Alejandra, la hermosa adolescente había tomado por costumbre, acostarse igual que las gallinas, antes que el día se rindiera en brazos de la oscuridad, para estar lúcida a media noche, cuando empezaban sus tareas en la venta de comida, por eso, a esa hora ella dormía plácida, soñando que la vida de su familia era igual al río de su pueblo, en el que se encausaban acontecimientos de todos los sabores.

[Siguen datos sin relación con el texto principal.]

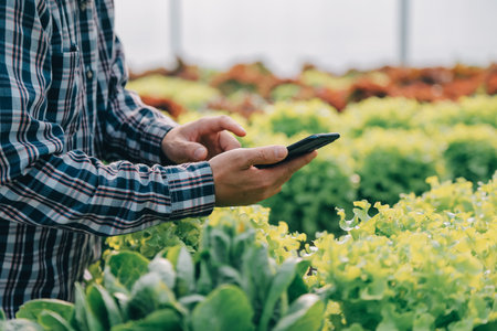 Smart farmer using digital tablet in hydroponic greenhouse with robot arm
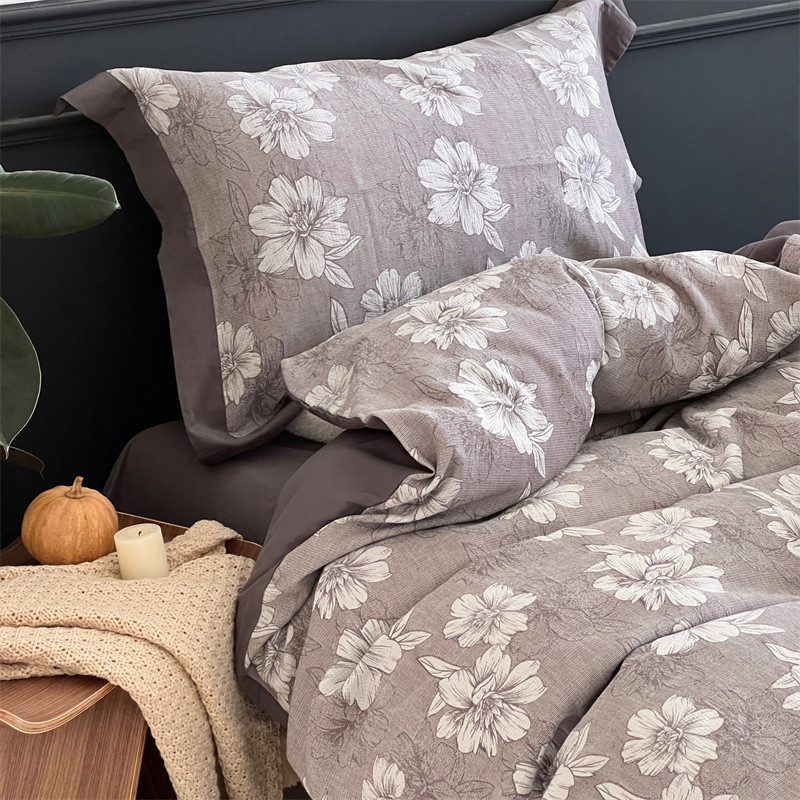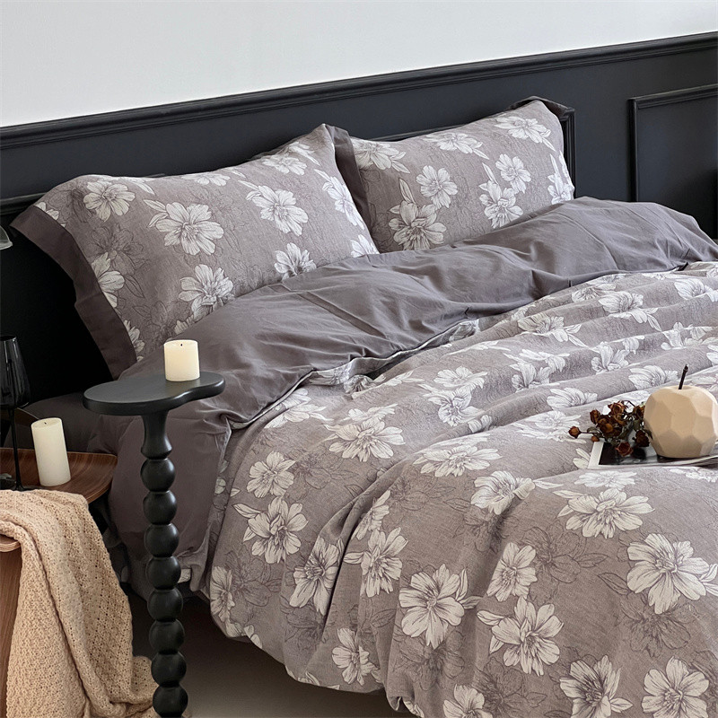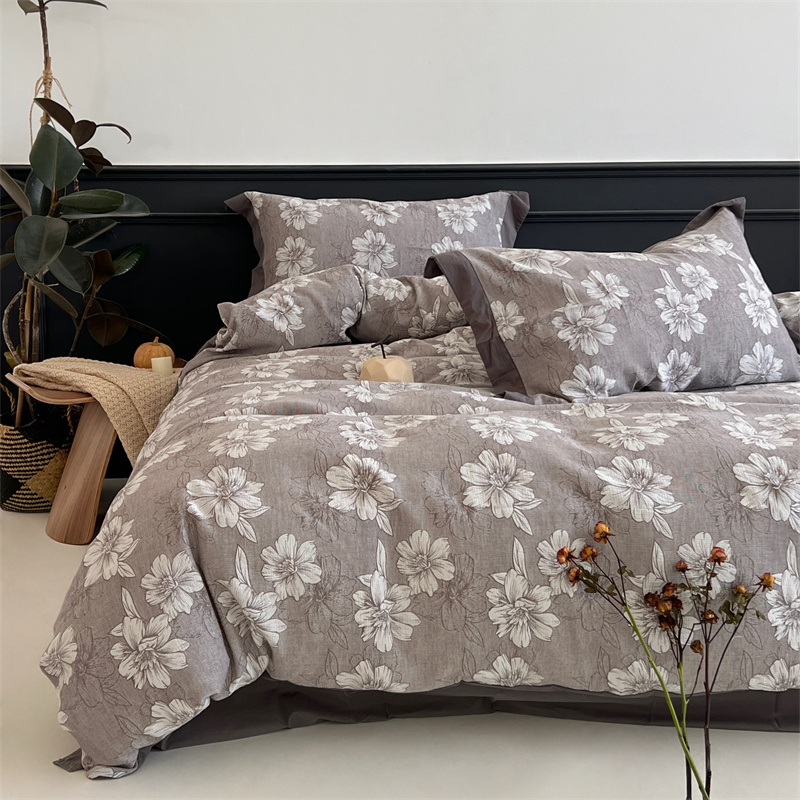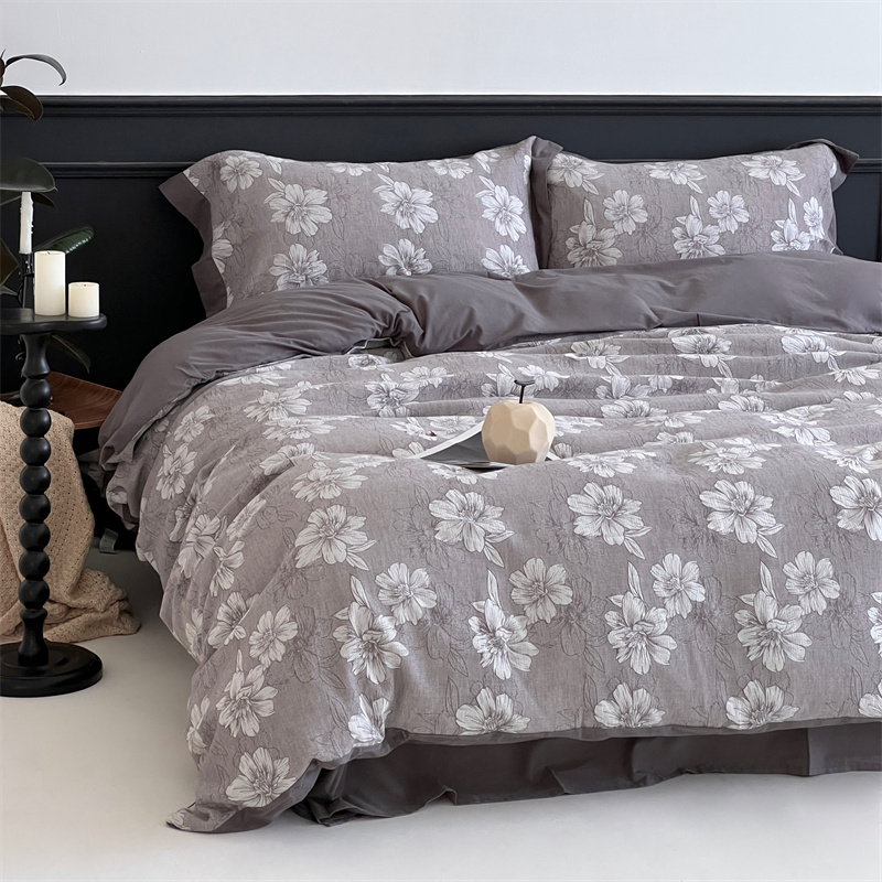梦享生活家居 2024新款色织全棉提花亲肤舒适四件套 花开声音-灰

Al comienzo de la noche soñó con días de crecientes de borde a borde, alimentadas por incontenibles tormentas de invierno, que calmaban la sed de la tierra o arrastraban desesperanza en las labranza de los sufridos labriegos, luego, que venían días de cauces secos, en los que acechaba el hastío bajo soles intensos, después, que venían días en los que el viento se llevaba los amenazantes desastres y las nubes negras de tormenta, para desbordarlos por las cascadas del horizonte, entonces el hastío se disolvía en el tiempo, y las praderas reverdecían y las plantas se cubrían de flores, igual que el árbol de sus sueños cargado de frutos que obligaban a las ramas a rosar el suelo, entonces su sueño se convirtió en pesadilla, cuando los ríos devolvieron su cauce y subían del mar a las montañas, devolviéndole a la humanidad toda la basura con la que los habían contaminado a través de los siglos.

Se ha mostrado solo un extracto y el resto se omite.